English

• Ammonia is important for industrial production and is widely used in the production of fertilizers, rubber, pharmaceuticals, etc. [1,2]. Its main source is N₂. Currently, the Haber-Bosch method is still the main method of ammonia synthesis, with a low conversion efficiency of only 15 % and a certain amount of energy waste and environmental pollution [3], which makes it necessary to find an alternative pathway for the sustainable synthesis of ammonia from the point of view of the global energy crisis. Nitrogen fixation by photocatalytic process under mild conditions has great potential for solving energy problems if efficient photocatalysts are used [4,5]. g-C₃N₄ has been applied in photocatalytic N₂ fixation studies due to its advantages such as suitable bandgap energy, strong chemical stability, and low cost [6]. Nevertheless, the efficiency over g-C₃N₄ is restricted by the serious recombination of photoexcited carriers and the high bond energy of N≡N (940 kJ/mol) of N₂ [7,8].

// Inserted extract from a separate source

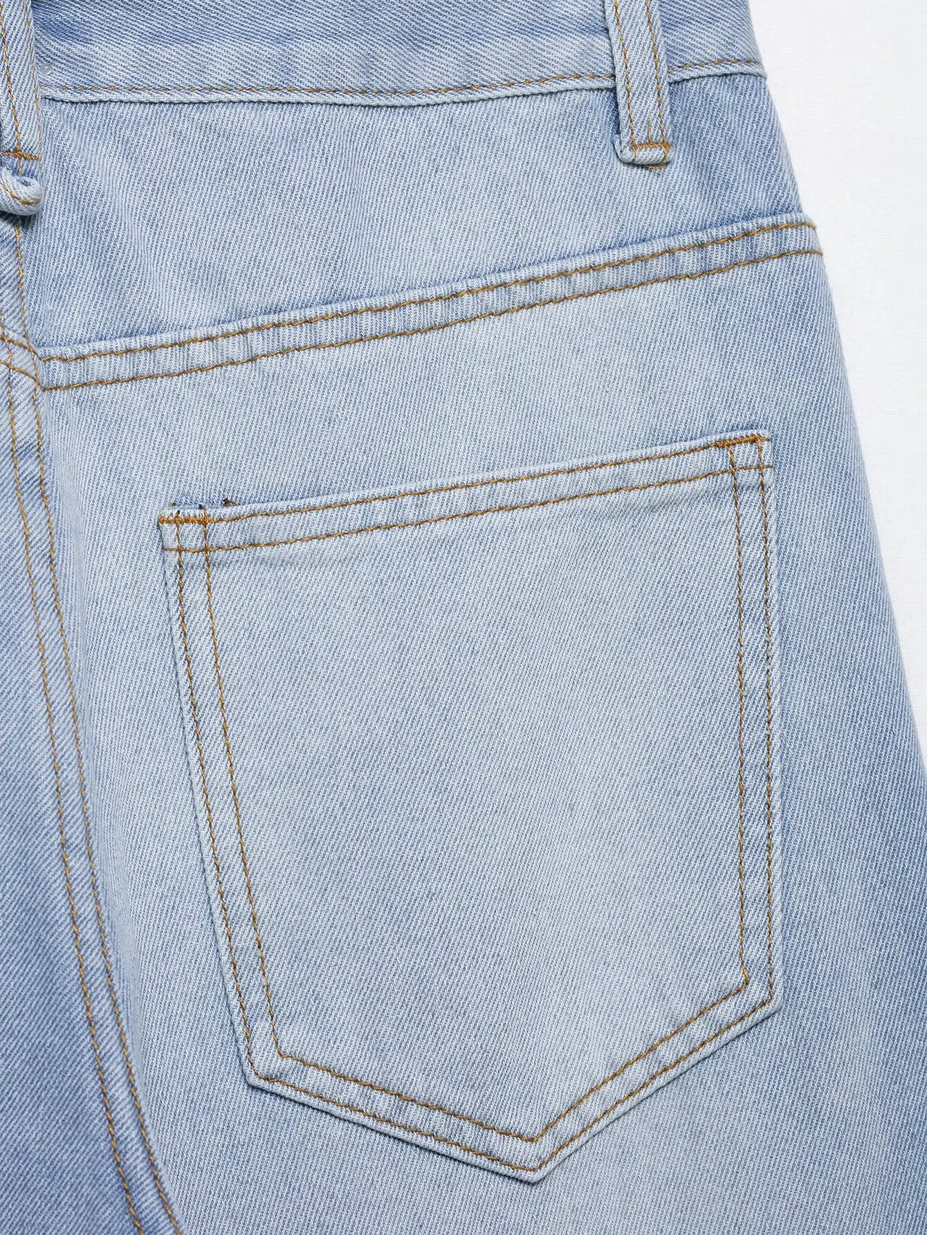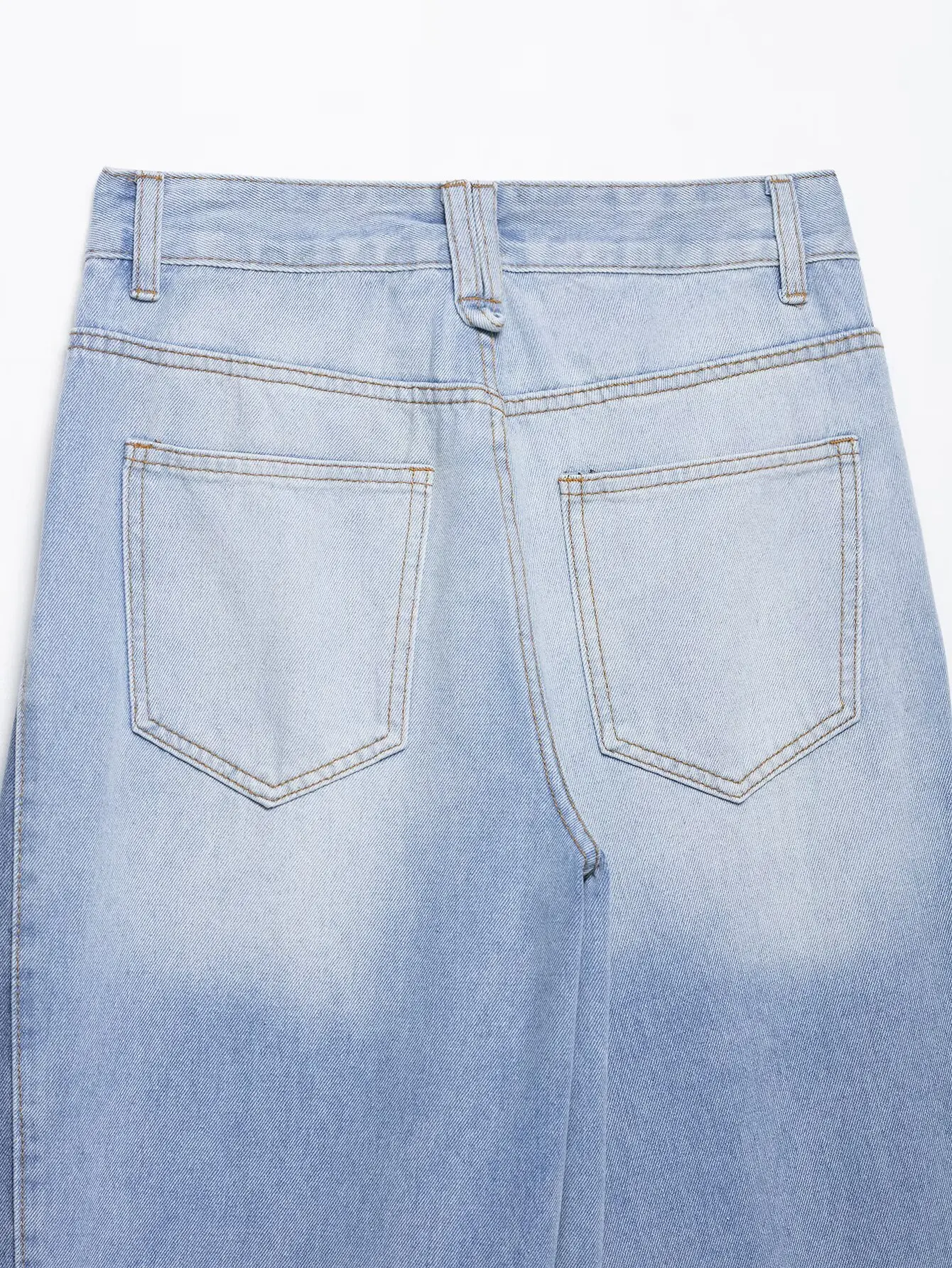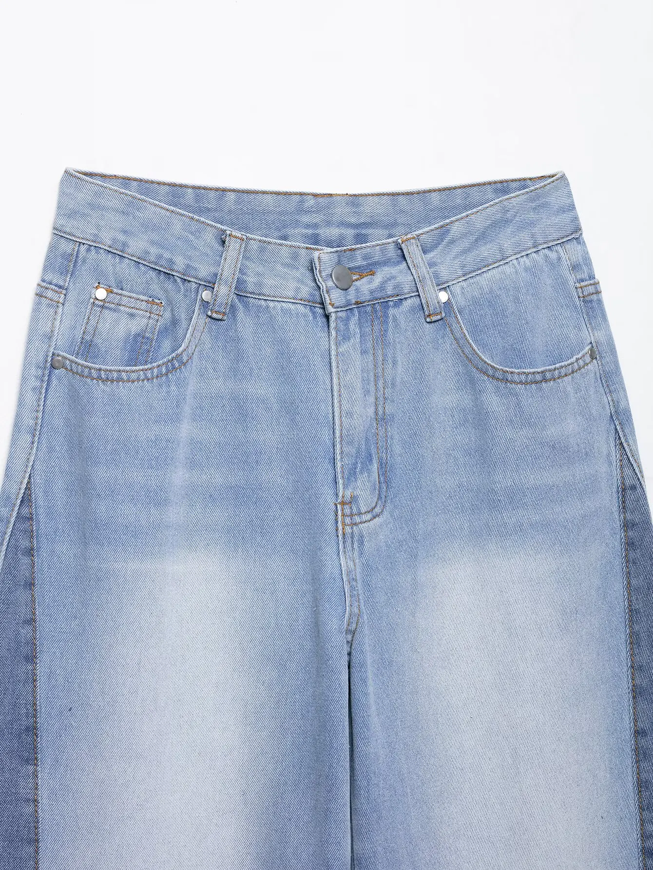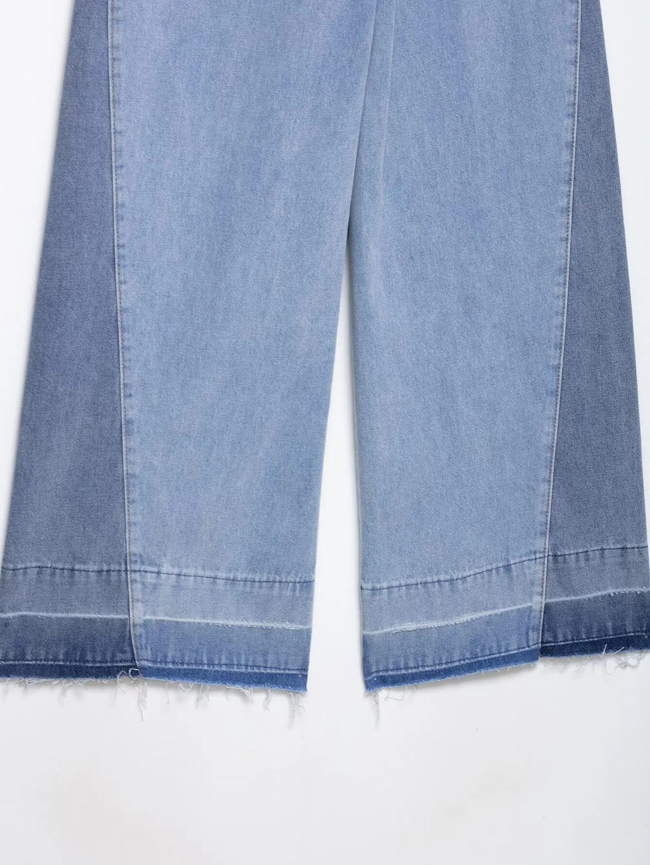 2025 new summer women's casual fashion simple design comfortable stitching high waist wide leg jeans

  FLPs differ from traditional Lewis acid-base adducts in that they consist of unquenched Lewis pairs formed by sterically hindered Lewis acids and bases [9]. The spatial hindrance or electronic effects within FLPs inhibit the formation of classical Lewis acid-base adducts, thereby preserving the reactivity of the retained Lewis sites for chemical transformations [10]. Especially, great recent efforts are trying to develop heterogeneous FLPs catalysts for the photoactivation of inert molecules. Several semiconductors have been employed as solid-state materials for constructing FLPs photocatalysts [11–13], among them CN is a promising material due to the exsitence of basic amino/amido functional groups on the edge of flexible nanosheets [14,15]. Nevertheless, the pristine CN does not exhibit FLPs-like activity for N₂ activation due to the lacking of Lewis acid sites on the polymeric nanoarchitectures. Surface site engineering is urgently desired to form FLPs on CN for high-efficiency N₂ photofixation.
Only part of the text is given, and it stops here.